Mistral Small 4 stands out for its ability to integrate three essential functions into a single model. Traditionally, different artificial intelligence systems were required to conduct conversations, perform complex analyses, or write code. Now, Mistral Small 4 allows for the simultaneous and effortless management of these tasks. It positions itself as a versatile assistant, capable of discussing, analyzing, and coding from a single access point.
Its innovative architecture, called Mixture-of-Experts (MoE), relies on a network of 128 experts. This system enables the model to select the four most suitable experts for each specific task, thereby optimizing its efficiency. Although the model boasts an impressive total of 119 billion parameters, only 6 to 6.5 billion are activated for a given request, which speeds up processing while reducing costs.
Key features include:
- Multimodal Input: Thanks to its vision module Pixtral, it can process both images and text.
- Long Context Window: Capable of handling up to 256,000 tokens of information, it is ideal for analyzing large documents.
- Open and Accessible: The model weights are available under the Apache 2.0 license, allowing for commercial use. It is open-source and accessible via APIs and partner platforms.
- Optimized Performance: Mistral reduces the time required to complete tasks by 40% and processes three times more requests per second than its predecessor.

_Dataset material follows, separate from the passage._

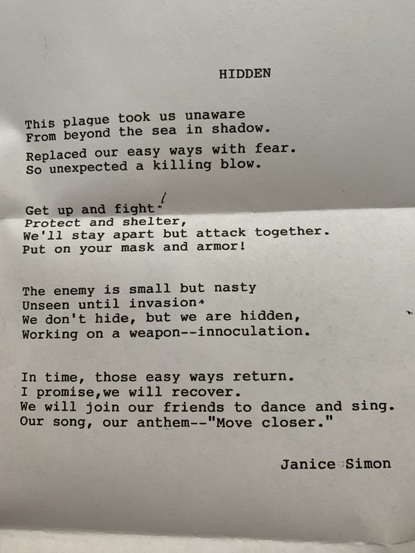 Poem written by my 82 year old grandmother, Janice Simone Simon who says the pandemic is bringing her down because she is old and doesn’t have much time left and doesn’t want to spend the time she does have left in her home.

Under the Hood: Architecture and Specifications
Mistral Small 4 combines a text decoder and a vision encoder. When an image is provided, the vision system Pixtral interprets it and transmits the information to the text model, which then generates a response. This design allows for a seamless fusion of visual and textual data.

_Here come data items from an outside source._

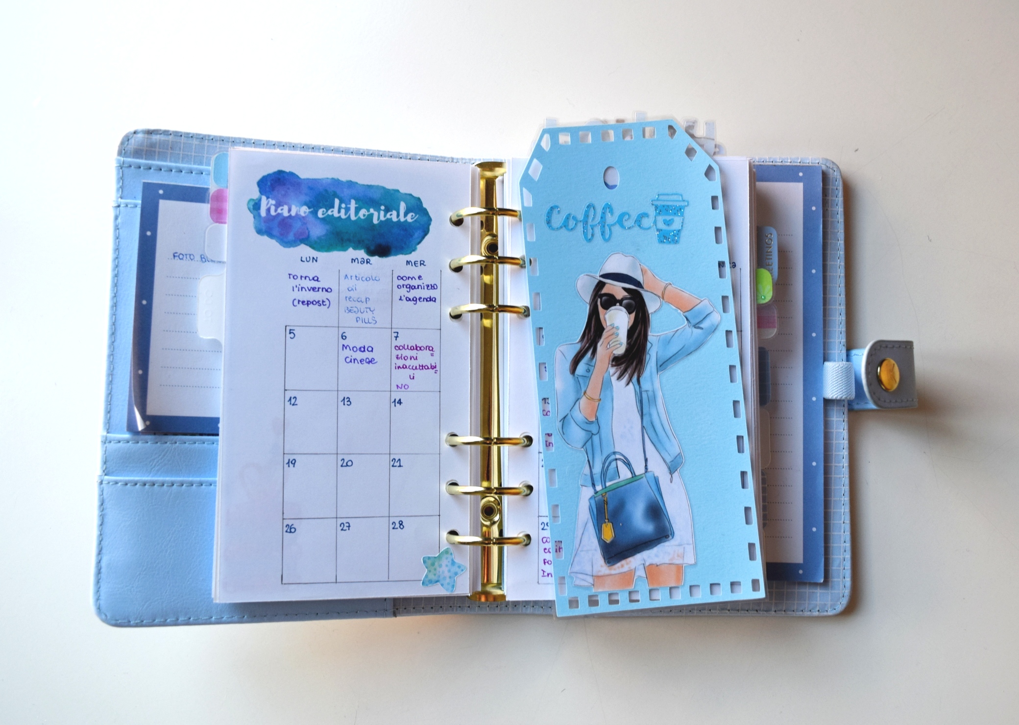 Il divisorio introduttivo è stato creato a mano e ho creato a mano anche la griglia del piano editoriale (clicca sulla miniatura per salvare l’immagine in formato originale).
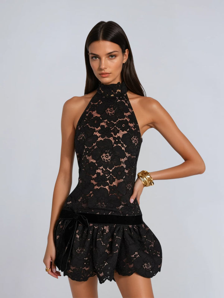 Invisira Backless Lace Ruffle Mini Dress
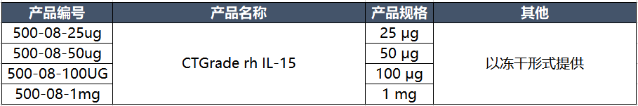 ● 与其他常见的γ链细胞因子(IL-2、IL-7和IL-21)结合,在过继细胞疗法(如CAR-T细胞疗法)中促进有利的抗肿瘤表型

Architectural details include:
- Decoder Stack: Composed of 36 transformer layers, with a hidden size of 4096 and 32 attention heads.

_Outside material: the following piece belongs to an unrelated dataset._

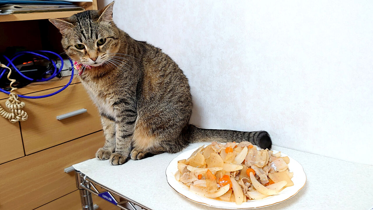 (うちの猫さんは夜、猫草をひとくち食べてお水を飲んでから布団に入ってきます)
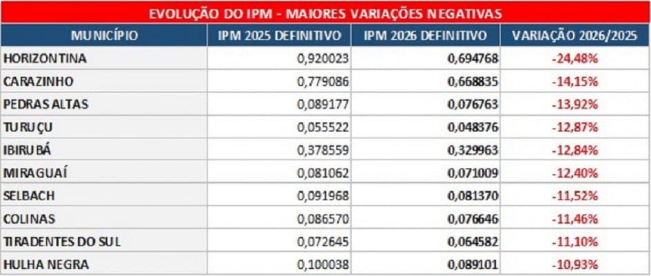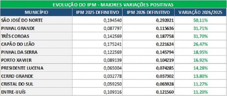 No panorama estadual, 256 municípios apresentaram crescimento no índice em relação a 2025, enquanto 241 registraram queda. São José do Norte teve a maior alta percentual do Estado, com avanço de 50,11%, e Horizontina apresentou a maior redução, com queda de 24,48%.

- MoE Details: 128 experts, with 4 activated per token, featuring a shared expert component to ensure consistency.
- Vision Component: The vision model Pixtral includes 24 layers and processes images with a patch size of 14.
- Vocabulary: The Tekken tokenizer has an extensive vocabulary of 131,072 tokens, supporting multiple languages and complex instructions.
Although the number of active parameters is relatively low, the overall size of the model requires significant memory. The 119B model requires large VRAM; the quantized version at 4 bits consumes about 60 GB, while the 16-bit version uses nearly 240 GB. This does not include the memory needed in the KV cache for long-context tasks.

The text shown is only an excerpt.